The Partition of India – 70 years on

Published: 3rd August 2017

Britain had formally governed the Indian subcontinent from 1858, although its influence there had been growing for the previous two centuries. India was considered the jewel in the crown of the British Empire. Political, ethnic and regional movements in India were opposed to being part of a foreign Empire, and campaigned and demonstrated for independence – but their requests were at best ignored and on other occasions brutally put down.

India in the World Wars

During the First World War hundreds of thousands of Indians volunteered and fought for Britain across the globe. Demands for independence increased during the interwar years, winning support across the subcontinent and also from groups and political parties in the UK. Once again during the Second World many Indians fought for Britain, while millions more were involved in the war effort. India suffered rationing during the war as well as famine – events that served to increase discontent with British rule. The cost of those two wars had also taken their toll on the British economy and soon after winning the 1945 election the new Labour government announced that India would receive Independence.

Preparing for Independence

Independence required an act of Parliament as well as serious negotiations.
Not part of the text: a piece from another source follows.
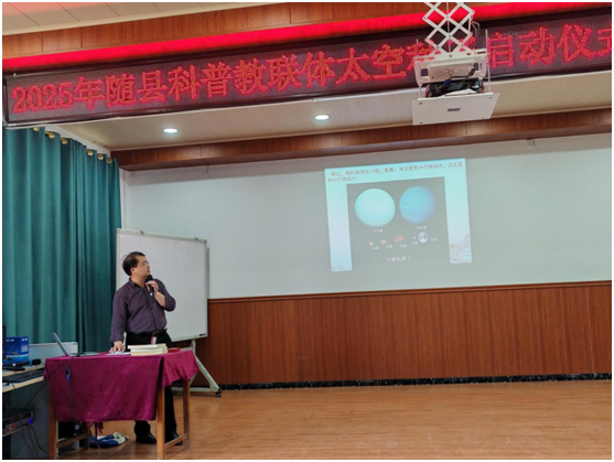 縣教育局基礎(chǔ)教育股長(zhǎng)何金波講話,強(qiáng)調(diào)以“太空種子”構(gòu)建全域科學(xué)教育生態(tài),通過聚焦“興趣啟蒙”“創(chuàng)新能力”“全域聯(lián)動(dòng)”推進(jìn)科學(xué)教育,以“協(xié)同育人”凝聚合力,闡述了科普教育在新時(shí)代的深遠(yuǎn)意義,肯定了隨縣科普教聯(lián)體成員學(xué)校成績(jī)亮點(diǎn),指明了學(xué)?破战逃姆较虿呗。
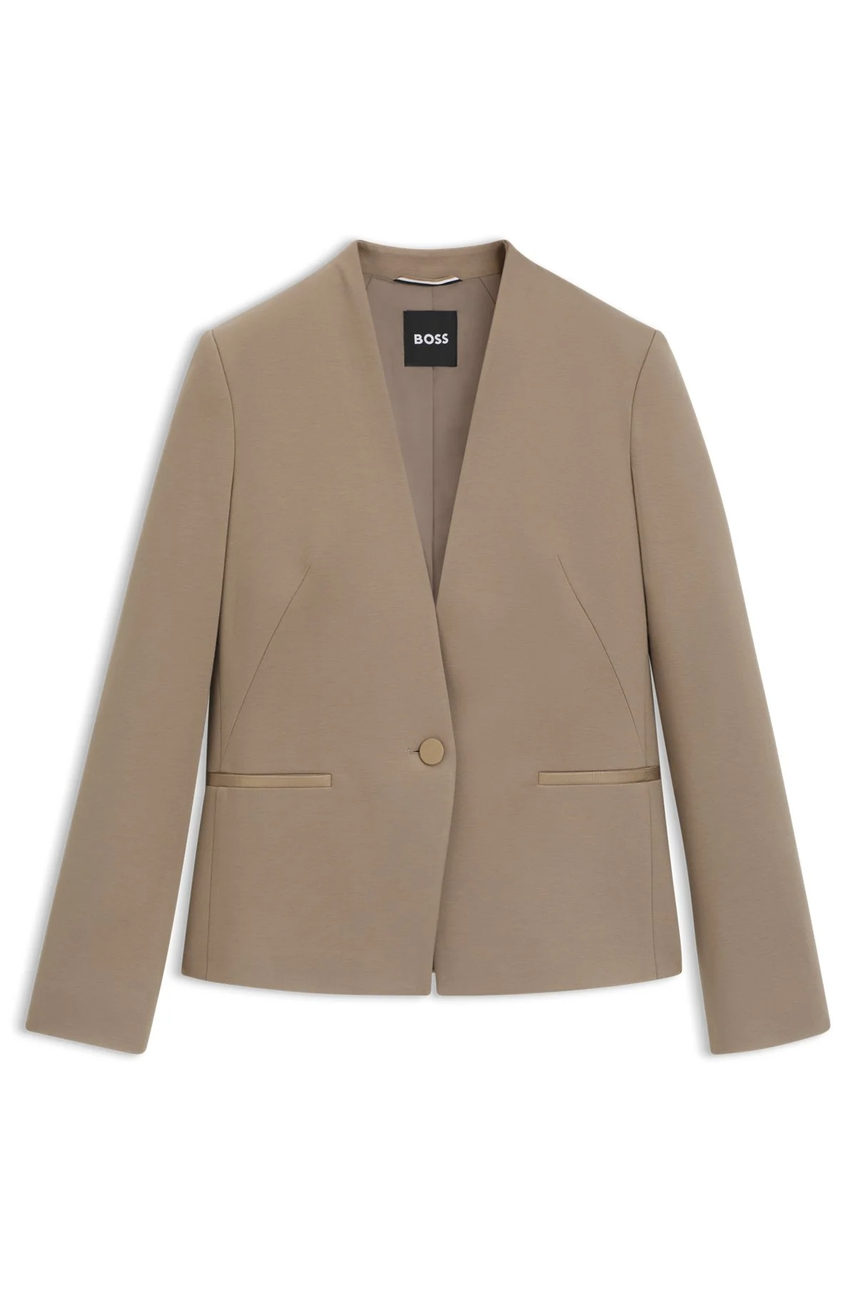 DETAILS Jemma1 - 50541998 This BOSS Womenswear blazer creates a sharp look, with its collarless design and slit cuffs. Regular fit Comfortable stretch Punto Milano fabric. Single hardware button. Regular fit Fastening top: Button closure Number of buttons: 1 Pockets top: Welt pockets Slit cuffs Fully lined Fit back length: 62 cm (24 inches) QUALITY & CARE INSTRUCTIONS Reduced Dry Clean Do Not Wash Iron Low Heat Quality: 65% Viscose, 30% Polyamid, 5% Elastane, Lining: 55% Polyester, 45% Viscose Do Not Tumble Dry Do Not Bleach

The British government had become convinced that Independence for India also meant the creation of a Muslim state. In the two years following the announcement of independence for India talks focused on the division of the country and how the borders should be drawn. A British official, Cyril Radcliffe, was responsible for drawing the lines, which he did his amongst the growing chaos and intense political arguments surrounding him and crucially using outdated maps. His lines cut through villages, farms, homes and families. In many cases political need for a partition across the country outweighed geography, human relations and common sense.

Partition and its aftermath

When Independence Day arrived in August 1947 it led to rioting and the mass migration of 10 million people. An estimated 1 million people died in the fighting, the movement of peoples and the shortages that followed. Partition created two independent states, India and Pakistan. The two countries and the legacy of partition have gone on to shape politics and attitudes across the region for generations to come.